April 2017 – Bitfinex files a lawsuit against Wells Fargo after the bank limited Bitfinex’s ability to wire funds internationally. They withdrew this suit a week later stating:
“We voluntarily dismissed our case, accepting the court’s decision, and find that we’re best served focusing our efforts on existing and developing relationships.“
November 2017 – The Paradise Papers were leaked, the second largest data leak at the time, second to the Panama papers of 2016. The leaked data proved that Bitfinex founders Philip Potter and Giancarlo Devasini established Tether in 2014. This confirmed the link between the companies since previously it had been insisted that they were separate.
Tether is also hacked and 31 million Tether coins (USDT) are stolen.
December 2017 – This was a busy month for Bitfinex. They hired a law firm called Steptoe & Johnson and threatened their critics with legal action, but were vague about who these critics were. The CFTC issues Bitfinex and Tether with Subpoenas (court summons) but any further information has not been made public. New users signing up to Bitfinex experience a strange situation where they can’t create an account and are sent around in circles, Bitfinex did not respond to this to say why they were barring new accounts.
January 2018 – Bitfinex reopens registrations for new customers, stating:
“To that end, and to allow us to maintain focus on our core customer base, all accounts created after January 1st, 2018, will have a new activation equity requirement. New accounts will need to deposit fiat or crypto to achieve minimum account equity of 10,000 USD equivalent before they can trade or offer funding.
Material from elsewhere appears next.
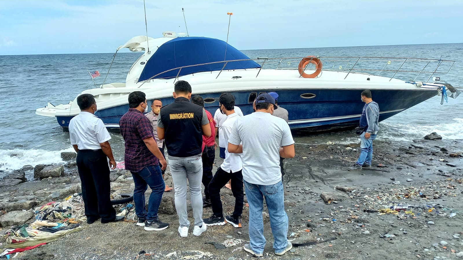 BULELENG – Sebuah kapal yacht Sundancer 44 berbendera Malaysia ditemukan terdampar di Pantai Banyuasri, sebelah barat utara SPN Singaraja, Buleleng, Bali, Rabu (23/2/2022). Tidak

After reaching this minimum, an account becomes fully activated.”
Also in January Bitfinex parts with the auditing company after promising an audit to prove Tether’s authenticity.
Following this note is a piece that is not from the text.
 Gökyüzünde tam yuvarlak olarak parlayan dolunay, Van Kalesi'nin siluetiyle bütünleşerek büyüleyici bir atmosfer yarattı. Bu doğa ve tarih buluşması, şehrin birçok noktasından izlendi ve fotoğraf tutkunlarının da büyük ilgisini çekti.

May 2018 – Bitfinex and Tether are banking with Noble Bank, Puerto Rico, according to sources close to the matter.
June 2018 – Phil Potter leaves Bitfinex and Tether. Law firm Freeh Sporkin & Sullivan attests that Tether has backed USD 1:1 as of June 1st.
October 2018 – Bitfinex responds to allegations that they are near Bankruptcy saying: “Bitfinex is not insolvent, and a constant stream of Medium articles claiming otherwise is not going to change this.” Tether is also traded at a 10% discount and there are calls for Tether to publicly share their banking details after their relationship with Noble Bank falls through.
November 2018 – The US Department of Justice begins investigating whether Bitcoin was manipulated by using Tether.
March 2019 – Tether quietly updated their statement about how the crypto-coin is backed, now claiming that the coins are backed by “reserves, other assets, and loans”. This confirmed something people had been speculating for a long time but had no proof of.
April 2019 – The New York Attorney General (NYAG) files a lawsuit alleging that Bitfinex and Tether have been engaging in fraud to cover $850 million in missing funds.
Bitfinex assures shareholders that the missing funds that it is a temporary situation, and funds will be released in a few weeks. Bitfinex also reveals that Tether is backed 74% by cash, the first real transparency we have seen on the subject.
Bitfinex claim victory in the legal battle with the NYAG because a New York Supreme Court judge granted a stay of document demand, agreeing that the NTAG actions lacked legal validity.
Bitfinex is one of the most popular cryptocurrency exchanges and Tether is one of the most well-known and traded stablecoins. The lack of transparency by the companies has caused investors and regulators to keep a closer eye on their actions and will likely lead to calls for more transparency in the industry, no matter what the outcome of the court case is.
Relating to the matter, the spokesperson of the crypto intelligence company CipherTrace said:
“Tether may set off a domino effect of regulators demanding more transparency for fiat or asset-backed coins.”
In fact, that not might be such a bad idea and can actually increase reliability and trust in the crypto market.